U.S. space transportation policy requires that two separate launch vehicle families be available to launch national security satellites in case there is an accident that grounds one of them. SpaceX advocates argue that its Falcon 9 is one and ULA's Delta IV is the other, and both will be available in 2019 and beyond, so Atlas V is not needed to fulfill the policy. Others worry that if SpaceX's rocket fails, all national security satellites would have to be launched on the very expensive Delta IV. Air Force Secretary James estimates the potential pricetag as $1.5 - $5 billion.
Sen. John McCain (R-AZ), chairman of the Senate Armed Services Committee (SASC), is the most prominent voice in holding the line at only nine more engines. That position has the support of some HASC members, including Rep. Duncan Hunter (R-CA), who district is near SpaceX's headquarters in Hawthorne, CA.
Air Force and ULA supporters, including HASC's Rep. Mike Coffman (R-CO), insist that 18 more are required. His district is close to ULA's headquarters in Centennial, CO. Coffman's amendment to raise the number from nine to 18 was adopted by HASC by voice vote.

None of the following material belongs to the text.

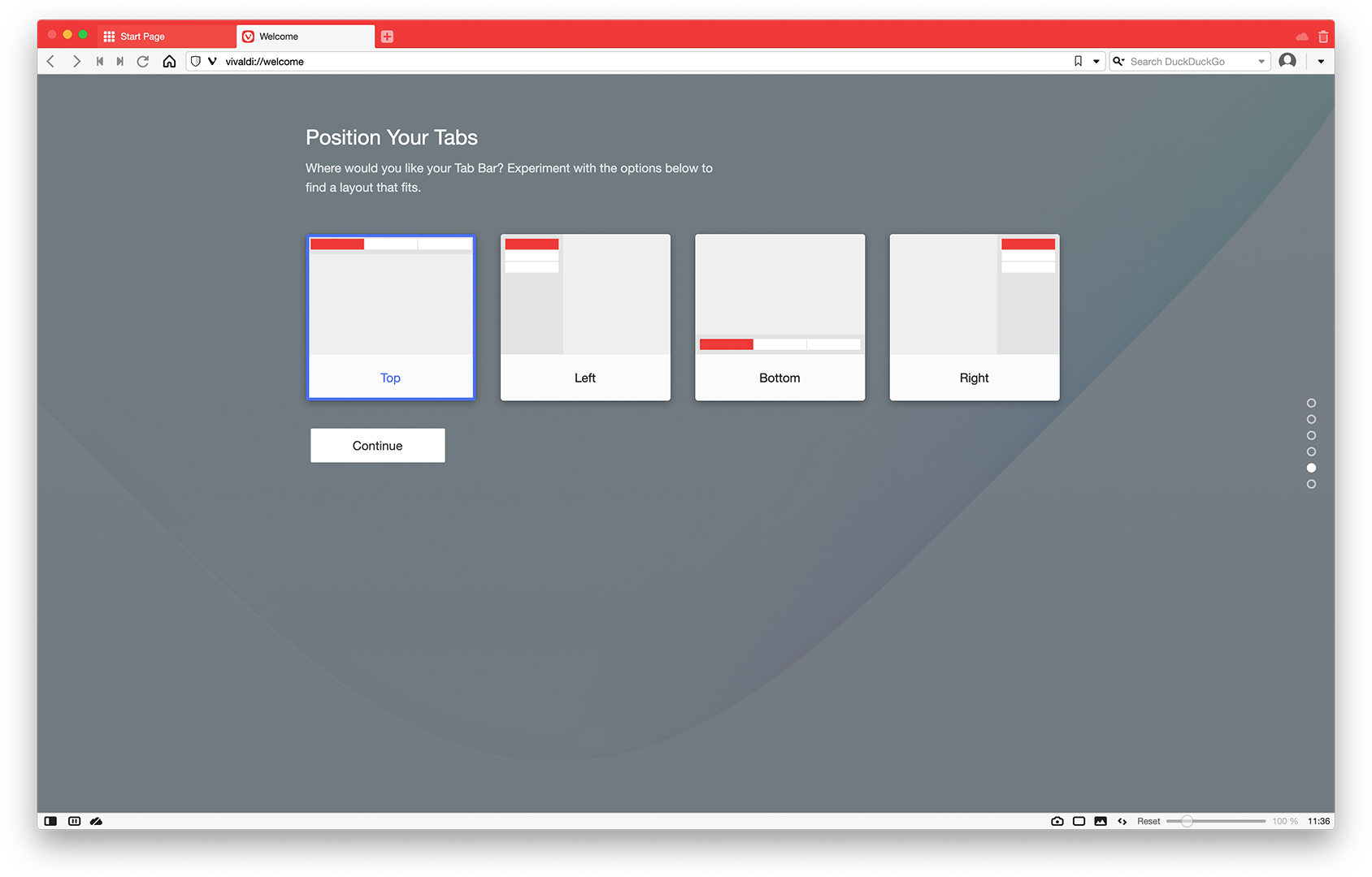 И кад смо већ код прегледања, код Хрома имате, и то као једину могућност, да је трака страница на врху прозора. И то је било потпуно у реду, јер за друге опције нисам ни знао. А сад? Вивалди вам допушта да изаберете место траке са страницама: горе, доле, лево, десно.

Hunter intended to offer an amendment to keep the number at nine, but said that it had been ruled out of order. He insisted that there was no need to commit to 18 now and "line Putin's pockets," referring to Russian President Vladimir Putin. "We can get away with with nine or 10 now," he argued, and return to the issue in future years rather than giving Russia "$540 million in direct payments to Russian military modernization." Coffman insisted that the figure of 18 came from the Air Force so that is the requirement.
A long debate ensued about whether the amendment was for 18 or "up to" 18 engines. A verbal understanding seemed to be reached that "up to 18" was intended, although the amendment says "a total of eighteen." Thornberry pointed out that this is an authorization bill and how many are purchased ultimately is determined by appropriations. (In fact, the RD-180 issue splits Senate authorizers and appropriators.)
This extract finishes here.